There were significant main effects of environment, F(1, 96) = 18.23, p < .001, ηp2 = .16, and rapport, F(1, 96) = 8.63, p = .004, ηp2 = .08 for the number of errors in the free-recall. Participants interviewed in the VE made significantly fewer errors (MVE = 1.92, SD = 2.44, 95% CI [1.20, 2.64]) than those in the in-person face-to-face condition (MF2F = 4.10, SD = 3.18, 95% CI [3.83, 4.18]). Where rapport was present participants made significantly fewer errors (M rapport = 2.26, SD = 2.04, 95% CI [1.54, 2.98]) than when rapport was absent (M No rapport = 3.76, SD = 3.62, 95% CI [3.04, 4.48]). The Environment × Rapport interaction was significant, F(1, 96) = 16.27, p < .001, ηp2 = .15. When rapport was absent, participants interviewed in-person face-to-face made more errors (MF2F No rapport = 5.88, SD = 3.14, 95% CI [4.87, 6.89]) than those interviewed in the VE (MVE No rapport = 1.64, SD = 1.60, 95% CI [.67, 2.65]), p = .001, and when rapport was present participants interviewed in-person face-to-face (MF2F rapport = 2.32, SD = 2.06, 95% CI [1.31, 3.33]) made more errors than this interviewed in the VE (MVE rapport = 1.64, SD = 1.08, 95% CI [1.89, 3.21]), p < .001.

Questioning phase

Correct recall

There were significant main effects of environment and rapport on the amount of correct information recalled in the questioning phase, F(1, 96) = 7.51, p = .007, ηp2 = .07, and F(1, 96) = 4.42, p = .038, ηp2 = .04, respectively. Participants interviewed in the VE recalled more correct information (MVE = 31.54, SD = 11.73, 95% CI [28.72, 34.36]) than those in the in-person face-to-face condition (MF2F = 26.04, SD = 8.76, 95% CI [23.22, 28.86]). Participants also recalled more correct information when rapport was present (M rapport = 30.09, SD = 12.30, 95% CI [28.08, 33.72]) than when it was absent (M No rapport = 26.68, SD = 8.32, 95% CI [23.86, 29.50]).

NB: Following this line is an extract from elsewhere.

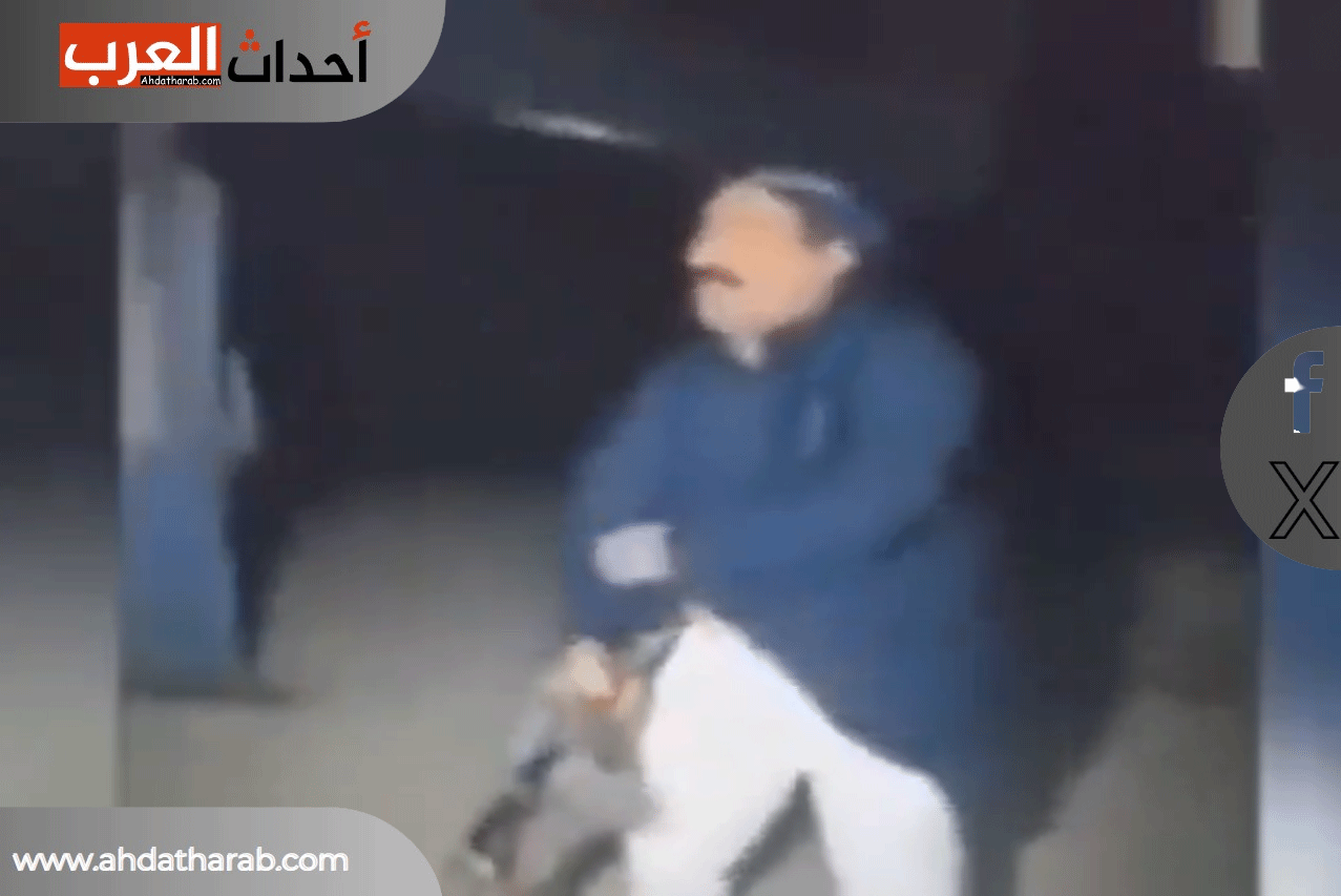 فيديو لرجل عراقي في الخمسينيات من عمره يقف في وسط الساحة وبيده بندقية آلية.
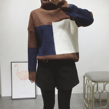 宽松大码毛衣女秋冬季2016新款外穿拼色格子半高圆领长袖针织衫潮

The Environment × Rapport interaction was nonsignificant for the questioning phase, F = 3.78, p = .055.

Errors

The main effects of environment, F = 3.86, p = .052 (M F2F = 7.10 SD = 5.98, 95% CI [5.76, 8.44]; M VE = 5.22 SD = 3.60, 95% CI [5.76, 8.44]), and rapport, F = 2.52, p = .116, were nonsignificant for the number of errors in the questioning phase (M Rapport = 5.40 SD = 3.49 95% CI [5.76, 8.44]; M No rapport = 6.92 SD = 6.09, 95% CI [5.76, 8.44]). However, the Environment × Rapport interaction was significant, F(1, 96) = 5.67, p = .019, ηp2 = .06. Participants reported more errors in the in-person face-to-face condition when rapport was absent (M F2F no rapport = 9.00 SD = 7.11, 95% CI [7.10, 10.90]) than in the VE when rapport was absent (M VE no rapport = 4.84 SD = 4.03, 95% CI [2.94, 6.74]), p = .004. When rapport was present, there were no significant differences between participants in the in-person face-to-face (M F2F rapport = 5.20 SD = 3.85, 95% CI [2.94, 6.74]) and VE conditions (M VE rapport = 5.60 SD = 3.16, 95% CI [3.70, 7.50]).

Interview duration

Global duration

As one might expect due to the additional rapport phase, there was a significant main effect of condition on interview duration (from start to finish including all interview phases), F (1, 96) = 108.22, p = <. 001, η2 = .53. Globally, rapport-building interviews were significantly longer (M = 44.96 mins, SD = 5.12, 95% CI [42.60, 46.17]) than the no-rapport-building interviews (M = 31.17 mins, SD = 9.15, 95% CI [29.38, 32.95]). The main effect of environment was nonsignificant, F (1, 96) = 1.13, p = . 291, as was the Environment × Condition interaction, F(1, 96) = .02, p = . 887.

Recall phase duration

Similarly, the duration of the free-recall and question phases combined, revealed a significant main effect of condition, F(1, 96) = 73.17, p <. 001, η2 = .43. As expected, rapport-building interviews were longer across the combined recall phase (M = 32.71 mins, SD = 5.56, 95% CI [31.33, 34.10]) than the no rapport interviews (M = 24.29 mins, SD = 4.09, 95% CI [22.91, 25.67]). The main effect of environment was nonsignificant, F(1, 96) = .35, p = . 553, as was the Environment × Condition interaction, F(1, 96) = .09, p = . 759.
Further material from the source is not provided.